Работа спорится. Бочка за бочкой пролетают через поселок и опорожняются в одну
большую кучу, откуда содержимое постепенно стекает во фьорд. Пронзительно
кричат чайки, собаки лают и рвутся на привязи. Один дом за другим освобождается
от дерьма.
Когда вездеход
проезжает мимо школы, водитель забывает взять чуть в сторону, чтобы объехать
небольшое озерцо, и машина, с треском ломая лед, врезается в воду. Ассенизатор,
ехавший сзади на санях, успевает спастись, соскочив в снег. Он стоит на берегу
и смотрит, как вездеход уходит под лед. Ассенизатор зовет своего товарища, ему
кажется, что он видит, как тот мечется в кабине, отчаянно пытаясь совладать с
заклинившей дверью. Наконец водителю удается открыть дверь и выбраться на крышу
кабины, где он, присев на корточки, балансирует, в то время как вездеход с
чмокающим звуком погружается в воду. Крыша одним углом все еще выступает над
водой, когда машина перестает тонуть. Вездеход достиг дна. Мужчина пытается
спуститься с него, пробует ногой лед, но тот подается и начинает проваливаться.
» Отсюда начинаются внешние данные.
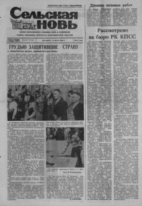 ПРОЛЕТАРИИ ВСЕХ СТРАН, СОЕДИНЯЙТЕСЬ! НОЕВВэ Дневник нулевых работ По данным оперативной сводки РАПО, прибивка вла ги в хозяйствах района прове дена на 150 тысячах гектаров, многие колхозы и совхозы бо ронят поля по второму разу. Параллельно выполняются и другие агроприемы весеннего комплекса Минеральные удоб рения внесены почти на 8 .ты сячах гектаров плантаций мно голетних трав, идет подъем паров, продолжается весно вспашка. Начинается посевная. В Калачинском совхозе в поч ву заделываются семена одно летних трав, на 153 гектарах размещен подсолнечник на масло. Сеют однолетку в кол хозе «Новая семья» и Кали новском совхозе, в совхозе «Октябрь» — многолетники. ОРГАН КАРАСУКСКОГО РАЙКОМА КПСС И РАЙОННОГО СОВЕТА НАРОДНЫХ ДЕПУТАТОВ НОВОСИБИРСКОЙ ОБЛАСТИ Газета основана 2 октября 1930 ». № 57 ,(7104) ЧЕТВЕРГ, 12 МАЯ 1988 г. Цена 3 коп. Рассмотрено на бюро РК КПСС ГРУДЬЮ ЗАЩИТИВШИЕ СТРАНУ С ТОРЖЕСТВЕННОГО МИТИНГА, ПОСВЯЩЕННОГО ДНЮ ПОБЕДЫ. 9 мая. Яркое солнце, голубое небо, тихая теплая погода. Светлозеленая окраска деревь ев, распустившиеся почки берез, кленов, то полей. Кажется, сама природа радуется вме сте с людьми светлому празднику — Дню Победы. К центру города стекаются карасуча- нё. Здесь, у мемориала воинам-караеучанам, отдавшим свои жизни в годы Великой Отече ственной за свободу и независимость нашей социалистической Отчизны, состоится митинг. А пока у Вечного огня несет Вахту памяти молодежь района — внуки тех, кто мужествен но сражался 5 фашизмом и добил его в собст венном логове — Берлине. Звучат песни военных лет. Все ближе к началу митинга. Сотни людей пришли отметить этот светлый праздник Победы и поклониться памяти тех, кто погиб на полях сражений, чьи сотни и сотни фамилий вылиты на пилонах мемориала. От имени бюро РК КПСС, районного и го родского исполкомов Советов народных депу татов военный комиссар поздравляет фронто виков, всех карасучан с Днем Победы и жела ет всего наилучшего. Капитан в отставке Ф. И. Подорожный, сер жант в отставке 3. А. Шапорева рассказали о боевом пути, о том, какой ценой досталась победа. Они дают наказ молодым хорошо го товить ' себя к армии, честно выполнять свой долг перед Родиной. Воин-интернационалист Юрий Кончуковский, с честью прослуживший в Афганистане, гово рил о прочности воинских традиций, о том, что молодые солдаты стараются брать пример со своих героических дедов. А призывник Юрий Коротков заверил, что будущие воины будут верно служить Родине. Митинг окончен. К пилонам с именами по гибших карасучан, к бюстам землякам — Героям К мемориалу движется колонна фронтови ков, на груди которых ордена и медали. Здесь же бывшие воины-интернационалисты. Горя чими аплодисментами встречают их присутст вующие. Микрофоны установлены недалеко от Веч ного огня. Здесь же фронтовики, руководите ли района. Митинг, посвященный 43 годовщи не Великой Победы, открывает председатель райисполкома С. В. Кульневич. Величествен но звучит Гимн Советского Союза. У микрофона военный комиссар подполков ник Н Н. Плотников. Он говорит о том, каким долгим и непомерно трудным был путь к победе в войне с вероломным фашизмом. Все народный характер войны нашел свое ярчай шее проявление в массовом героизме совет ских людей на фронте. Более 7 миллионов че ловек, в том числе около 6 тысяч воинов-ка- расучан награждено боевыми медалями и орде
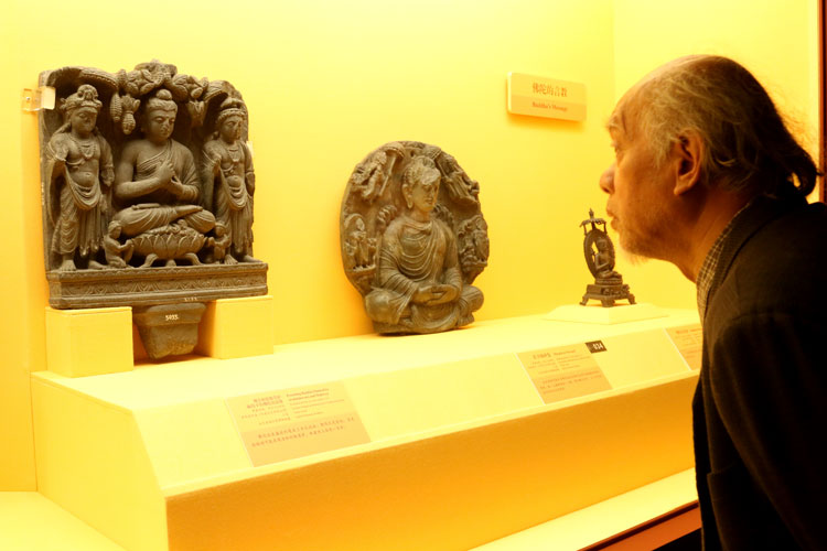 A vistor view the Buddhist artworks at Shanghai Museum. [Photo/CCTV.com]
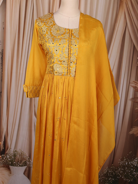 Yellow Floral Woven Silk Anarkali Gown - Diadem
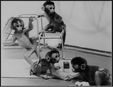 哈洛通过实验发现:所有公猴都失去了寻偶和交配能力。而母猴呢,也根本不愿交配。把经验丰富的公猴放进去,母猴们就会拼命抵抗,公猴满身是伤不得不认怂。
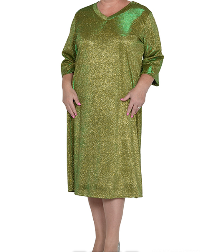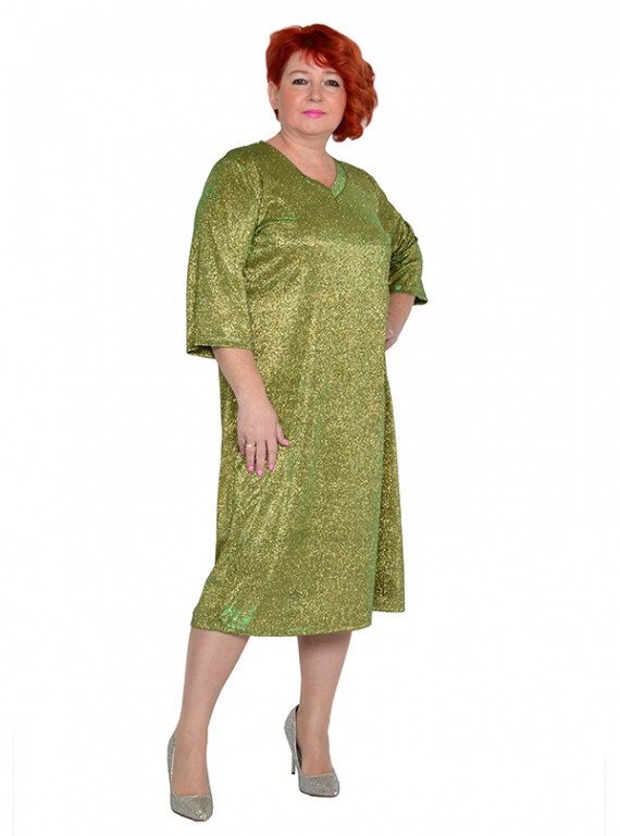 Платье из трикотажного полотна масло с напылением блеска зеленое
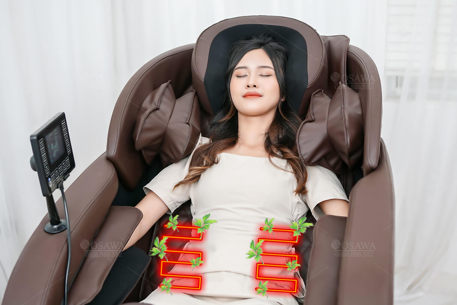 Ghế massage Osawa OS – 200 Plus được trang bị hệ thống nhiệt hồng ngoại ở vùng lưng eo và vùng bụng chân. Công dụng của nhiệt hồng ngoại. Đó chính là làm lưu thông tuần hoàn máu lưu thông khí huyết. Tăng cường hệ miễm dịch của cơ thể.
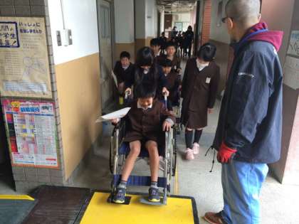 これらのことを学んだうえで、校舎内での車いす体験を行いました。
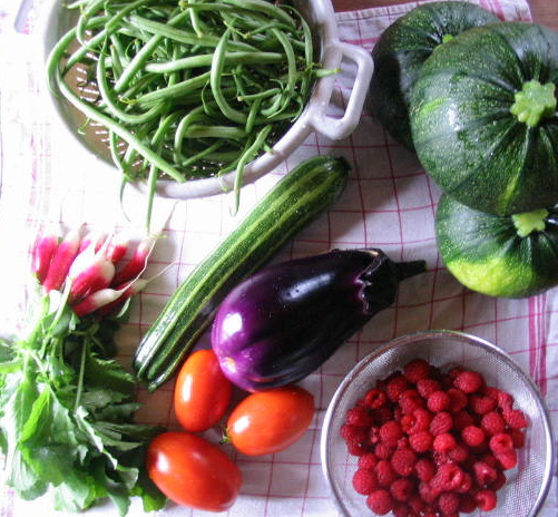 il me reste à cueillir des fraises, des blettes, encore des aubergines et des tomates, des radis, et peut-être des carottes.
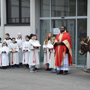 Zum Abschluss des feierlichen Pfarrgottesdienstes bedankte sich Pfarrer Francis sehr herzlich bei den zahlreichen Ministrantinnen und Ministranten, bei der Musikkapelle Solinger für die musikalische Umrahmung der Palmprozession, sowie bei allen Gottesdienstbesuchern, vor allem aber bei den Kindern, für ihr Kommen und Mitfeiern. Es war eine große Freude, dass neben den Goldhaubenfrauen und der Landjugend die Pfarrbevölkerung, insbesondere viele Familien mit ihren Kindern, zur Feier des Palmsonntags in die Kirche gekommen sind.
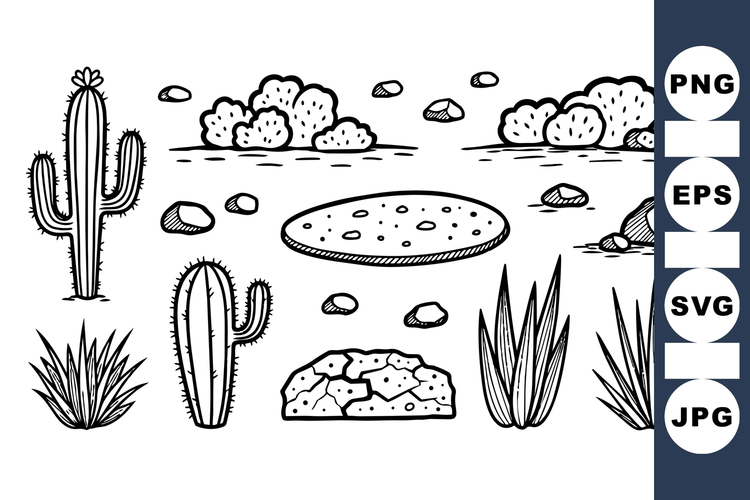 Black ink line art featuring various cacti, desert bushes, rocks, and dry terrain elements in a hand drawn sketch style for natural themed design projects

Вокруг крыши образовалась большая черная дыра, заполненная водой. В
красновато-оранжевом свете стробоскопа, который продолжает вращаться еще несколько
минут, видно, как содержимое бочки растекается по поверхности озерца.
Несколько минут уходит
на то, чтобы снять мужчину с крыши вездехода. Его вытаскивают на берег,
совершенно замерзшего и обессилевшего. Он просит дать ему закурить, и кто-то
протягивает ему зажженную сигарету. Всё, я домой, бормочет он. На сегодня с
меня хватит.
Известие о том, что
вездеход утопили, приводит Францена в бешенство. В отчаянии он швыряет об стену
кружку с кофе, так что напиток расплескивается по обоям светло-коричневым
бутоном. Потом его охватывает ужас, и от этого чувства уже не избавиться. Что я
наделал! думает он. А тут еще штормовое предупреждение, это значит, будет
снегопад, и спасательная техника должна быть наготове, в том числе и два
принадлежащих аэропорту уборочных вездехода, из которых теперь остался один. В
худшем случае ему придется запретить посадку любых самолетов, и когда в
управлении аэропорта пронюхают, что всему виной он, отдавший в поселок один из
вездеходов, закончится все, во-первых, большими проблемами с перераспределением
задействованного транспорта, во-вторых, миллионными убытками для аэропорта, в-третьих,
его, Францена, увольнением, не говоря уже о том, что его отдадут под суд,
высмеют во всех газетах и заставят возмещать убытки. Он решает вызволить
потерпевшую аварию машину.
Швед Боссе, работающий
у них в аэропорту механиком, с ним солидарен. Он полагает, что, если поискать,
то найдутся и гидрокостюмы, и достаточное количество кислородных баллонов: все
это добро осталось после некогда временно располагавшейся здесь штаб-квартиры
военно-морских сил. Какое-то время спустя Боссе приволакивает в столовую
гидрокостюмы и баллоны. Они с Франценом проверяют снаряжение. У механика
сертификат дайвера еще с тех времен, когда он служил на шведском флоте. Сходятся
на том, что швед погрузится под лед с несколькими металлическими тросами и
зацепит их в надежных местах за вездеход. После этого они попытаются выдернуть
машину вторым вездеходом. Они сходятся во мнении, что все должно получиться.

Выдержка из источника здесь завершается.